Сначала история де Сталь кажется еще более явным отступлением от основной линии, чем любая другая часть романа, и рассказчик неоднократно делится с читателем своей растерянностью по поводу ее вторжения; и все же именно эта линия окажется магистралью, к которой постепенно присоединятся многие другие герои и мотивы романа. Мадам де Сталь, по словам Ифраимова, смогла трижды продлить свою жизнь благодаря таинственному веществу – «основой его была та самая мандрагора, что в древности помогла понести [библейский] Рахили» (ДВВ 128). Настоящая де Сталь, как напоминает нам сам Ифраимов (ДВВ 123), действительно посетила Россию в 1812 году и встречалась с Александром I; в романе Шарова она навсегда остается в России «под именем Евгении Францевны Сталь, помещицы Тамбовской губернии» (ДВВ 129). Метафорически репрезентируя обмен революционными идеями, влияние Франции на Россию и ценностей Просвещения на русскую революцию, де Сталь воплощает магистраль романа – одновременно интеллектуальную и сексуальную. У нее «был очень сильный, рассудочный, почти мужской ум», согласно Ифраимову (ДВВ 20); но она также становится любовницей бесчисленных революционеров в романе, будь то интеллектуалы, художники или политики – от Федорова до Сталина (которого она тоже родила, что можно рассматривать как окончательное метафорическое выражение вырождения революционной идеологии). И на своем собственном примере, и как «мать» партии (ДВВ 42), де Сталь символизирует западноевропейскую цивилизацию в целом и историческую преемственность, в то время как Федоров воплощает попытку остановить историю в надежде искупить несправедливость прошлого.
Наиболее эффективным художественным средством, с помощью которого противопоставляются мировоззрения де Сталь и Федорова, становится контраст между повествовательным импульсом и «замедленностью» – тот же самый контраст, который не менее успешно используется в «Репетициях»; и в обоих случаях этот прием в значительной степени формирует структуру романов. В самой середине «До и во время» темп текста замедляется до смертельного оцепенения, поскольку ночь за ночью Федоров излагает свой проект преобразования или, вернее, выравнивания жизни на земле: разрушение гор, мелиорация болот, уничтожение городов, восстановление братства народов, создание «совсем простой и понятной жизни» (ДВВ 164); но прежде всего – прекращение деторождения, которое должно предшествовать воскресению мертвых. При этом он ночь за ночью нависает над паланкином, в котором де Сталь прячется от холеры; этот «хрустальный гроб» выступает метафорой не только смерти, но и сексуальной недоступности де Сталь в воображении целомудренного Федорова (хотя на самом деле она отчаянно желает его). Одержимый собственным проектом, Федоров говорит как «сломанная игрушка» (ДВВ 171), сбиваясь и проявляя что-то вроде умственной заторможенности, мучая де Сталь своим догматизмом. Только подмешав ему опиум и позволив дать выход его сексуальным потребностям, де Сталь удается вывести и его, и роман из оцепенения. С этого момента сюжет набирает скорость – достигая пика в изображении отношений де Сталь и Скрябина (в шаровском романе последний играет в русской революции большую роль, чем Ленин).

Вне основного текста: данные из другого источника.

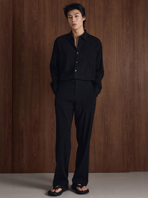 [티엔지티] Kinoshita Seersucker Semi-Wide Pants (Black) TNPA6E205BK

Подобно року, «магистраль» ориентирует сюжетное движение на финал. Памятные завершения романов Шарова являются, однако, не столько развязкой их сюжетов, сколько распутыванием переплетений идентичностей, метафор, мифов и аллегорий, которые составляют их основу. Концовка «До и во время» кажется открытой с точки зрения сюжета, но, с другой стороны, весь заключительный раздел романа, составляющий добрых полсотни страниц, вносит в текст иные формы ясности. Отвечая на вопросы Алеши, который в этот момент выступает как заместитель читателя, Ифраимов объясняет, что пурга, бушующая за окнами больницы, – это библейский Потоп (метафора божественного наказания, Революции и Апокалипсиса); что само отделение – это Ковчег, в котором будут спасены лишь немногие (ковчег, в свою очередь, является метафорой и христианской церкви, и «бессмертной» партии, которая «как Бог и пребудет вечно» (ДВВ 345, 350)); что Федоров – это Ной и вместе с де Сталь все еще живет в клинике (это пожилая пара, за которой Алеша уже давно наблюдает); а три солдата-идиота – их дети (метафора философии Федорова, направленной против деторождения).
В финале мы видим, как различные «обрывки» романа становятся прозрачными (вспомним композиционные приемы Кочина), позволяя и даже поощряя читателя пересмотреть и переосмыслить весь роман заново, вернуться к началу и убедиться, что отступления-прелюдии предвосхищают и отражают основные темы подобно зеркалам на обочине магистрали (шаровский ответ Стендалю и его известному сравнению романа с зеркалом на большой дороге). Как мы теперь понимаем, главные герои романа тоже представляют различные формы палимпсеста: фигура Учителя (Толстой, Федоров, Ленин), фигура Мессии (Ной, Федоров, Скрябин, рассказчик Алеша), юродивый (Федоров, Толстой, Скрябин, Алеша)296
.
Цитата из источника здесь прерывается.